Sottovalutare al-Shabab è un errore

(di Giuseppe Barcellona)
31/10/17

Ancora morte a Mogadiscio in una spirale che sembra non volersi arrestare, dopo l’attentato dello scorso 14 ottobre dove hanno perso la vita poco meno di 360 persone, un’altra autobomba esplosa fuori dall’hotel Nasa-Hablod ha ucciso almeno 25 persone provocando trenta feriti ed il bilancio purtroppo è destinato ad aggravarsi; questa volta l’eccidio è stato rivendicato da al-Shabab che invece non ha ancora apposto la propria firma sul primo e più violento attentato di due settimane fa, particolare raccapricciante, la polizia locale afferma di aver trovato il corpo di una donna e tre bambini uccisi con un colpo di pistola alla nuca.

Assente sulla scena la stampa internazionale che ha relegato la notizia a brevi comunicati senza i canonici approfondimenti post-attentato ai quali siamo abituati dopo ogni analogo evento accaduto in occidente, un errore di sottovalutazione notevole o forse la precisa strategia di non concedere la ribalta mediatica ad un gruppo terroristico giovane ma molto determinato.

Intanto il capo dell’intelligence somala Abdillahi Mohamed Sanbalooshe non usa mezzi termini sfogandosi sulle pagine del New York Times: “Le informazioni vitali e le prove dei reati commessi in territorio somalo continuano ad essere analizzate all'estero, negandoci l'opportunità di proteggere i nostri cittadini e di perseguire gli autori dei reati”.

Un atto di accusa di connivenza delle autorità dell’occidente con i terroristi locali? Il camion utilizzato nell’attentato era italiano, un particolare da tenere in considerazione.

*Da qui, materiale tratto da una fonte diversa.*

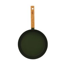 Poêle 24 cm Kaki. Ector. La gamme Ector s'inspire de la nature forte et contrastée des forêts nordiques. Son nom révèle la robustesse et la solidité des produits et reflète également l'aspect brut de cette gamme. Cette collection propose un contraste entre le chêne massif et les différents coloris. Authentique, de qualité, au design moderne et sobre. Formes droites élégantes et uniques. En aluminium forgé de 3.5 mm pour une cuisson parfaitement homogène et une grande résistante. Poignée en chêne massif finition brute. Revêtement intérieur antiadhésif en céramique. Revêtement certifié Greblon 3 couches. Fond triple épaisseur. Lavage à la main. Tous feux dont induction.

La richiesta delle autorità somale sarà valutata nei prossimi giorni dai governi americani e britannici che decideranno sul da farsi ma si profila all’orizzonte una ipotesi sussurrata dall’intelligence somala all’emittente Voice of America Africa secondo cui l’obbiettivo principale dell’attentato fosse la base militare turca che sorge nella zona distrutta dalle autobombe; la base recentemente inaugurata in cui operano 200 militari turchi serve ad addestrare l’esercito somalo in vista della graduale ritirata dell’ unione africana in Somalia (Amisom) che dovrebbe avvenire a fine 2018.

La mancata rivendicazione dell’attentato da parte di al-Shabab pone numerosi interrogativi; chi è stato ad architettare e compiere materialmente l’azione terroristica? È una domanda che al momento aleggia irrisolta sul cielo plumbeo di Mogadiscio.

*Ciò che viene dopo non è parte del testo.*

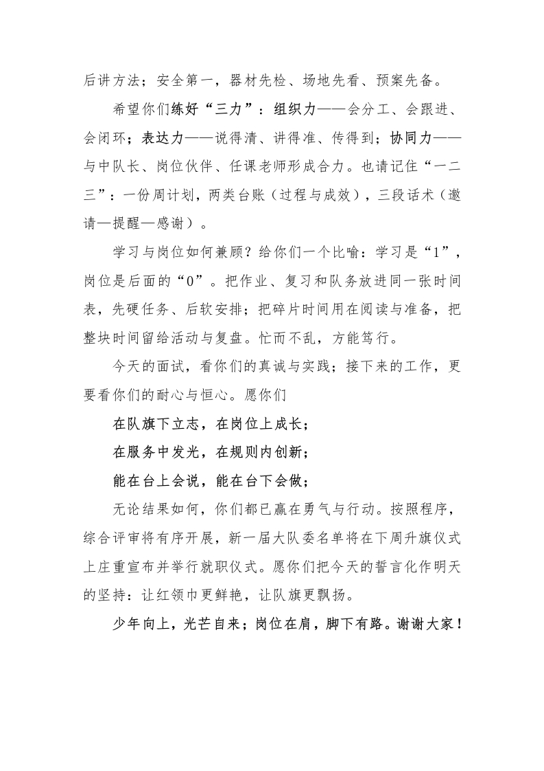 大队委竞聘面试辅导员讲话稿一小岗位托举大梦想红领巾伴我共成长各位老师、亲爱的少先队员们:红旗招展,鼓号铿锵:星星火炬,照亮前路。今天,我们在队旗下相聚,举行大队委竞选面试。首先,向勇敢走上讲台的每一位队员致意一一你们敢于亮相、愿意服务,本身就是最动人的荣誉章。大队委,不是头衔,是责任;不是“被看见”,而是“能看见”。看见同伴的需要、活动的细节、规则的边界、风险的苗头。岗位虽小,心要向大;袖章不重,肩当能扛。我想送给大家“四句话,十二个字”一一心中有旗、眼里有同、手上有法、肩上有当。心中有旗:懂队章、守礼仪,会口令,准流程;升旗、呼号、宣誓,每一步都要稳、要准、要敬。眼里有同:愿意倾听,善于包容;对困难队员多一份耐心,对低年级多一步提醒,在“动感中队”“志愿服务”里让每个人都有参与感。手上有法:会策划、会沟通、会复盘。策划有目标、流程、时间表;沟通有对象、方法、记录;复盘有数据、有照片、有改进。给大家一个“四张清单”:任务清单、物资清单、问题清单、风险清单。清单在手,心中不慌。肩上有当:公平公正,公开透明;碰到分歧先讲规则、

Se fossero stati gli integralisti somali potremmo intuirne la volontà di compiere un balzo in avanti nella considerazione generale, sia nell’ambito del terrorismo internazionale percepito dall’occidente, sia in seno al mondo islamico dove al-Shabab potrebbe raccogliere l’eredità ed i cocci dell‘IS qualora i miliziani jihadisti attualmente impegnati in Siria venissero sconfitti, ma l’attentato del 28 ottobre e subito rivendicato sembra smentire la paternità del primo e più efferato eccidio ancora senza paternità, allora si può ipotizzare una faida interna a fazioni locali di al-Shabab, una ipotesi credibile se analizziamo la giovane e pur complessa storia del gruppo.

Al-Shabab, in lingua somala “i ragazzi”, è un gruppo operativo dal 2006 e nato dalle ceneri delle “Unioni delle corti islamiche” sconfitti a seguito della guerra civile somala; la sua storia vive fasi alterne esattamente come il territorio in cui opera, dove varie fazioni si contendono potere e territori.

A 6 anni dalla nascita la svolta qaedista con l’annessione al gruppo più importante ed esperto sotto l’egida di Ayman al-Zawahiri; nel 2012 al Shabab diventa ufficialmente una cellula di Al Qaeda operante in Africa orientale ma questa annessione provoca una faida interna culminata con centinaia di morti ed un indebolimento dell’organizzazione conseguenza anche dell’operazione Linda Nchi coordinata dagli eserciti somali e keniota.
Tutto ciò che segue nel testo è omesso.